- Genre: Reality
- Starring: George Wright; Scott Lomu; Stephen Slider;
- Country of origin: United States
- Original language: English
- No. of seasons: 2
- No. of episodes: 14

Production
- Executive producers: Charlie Clay; Christo Doyle; Jos Cushing; Sam Maynard;
- Running time: 41 to 44 minutes
- Production company: Raw Television

Original release
- Network: Discovery Channel
- Release: October 26, 2012 – September 6, 2013

= Jungle Gold =

Jungle Gold is an American reality television series on that originally aired on Discovery Channel from October 26, 2012 to September 6, 2013. It ran for two seasons.

==Synopsis==
The series follows Scott Lomu and George Wright as they join the lucrative African gold rush in an attempted high-risk financial recovery from having lost everything in the 2008 financial crisis.
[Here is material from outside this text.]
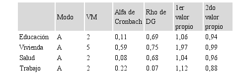 En este caso, como se observa en la Tabla 3, las condiciones de unidimensionalidad se cumplen satisfactoriamente. Del mismo modo los requisitos en términos de cargas y comunalidades de cada uno de los indicadores son alcanzados (ver Tabla 4).

It focuses on the duo as they encounter the task of gold placer mining in the Ashanti Belt along the Birim River in Ghana of West Africa. The men used excavators, trommels and water pumps to mine for gold. In the first season, the nearest town to their claim is Romaso, in the Ashanti Region. In the second season, the nearest town is Fahiakobo, both close to each other, with the nearest city being Dunkwa-On-Offin. Filming for the second season started on March 6, 2013, with the season premiering on August 11, 2013.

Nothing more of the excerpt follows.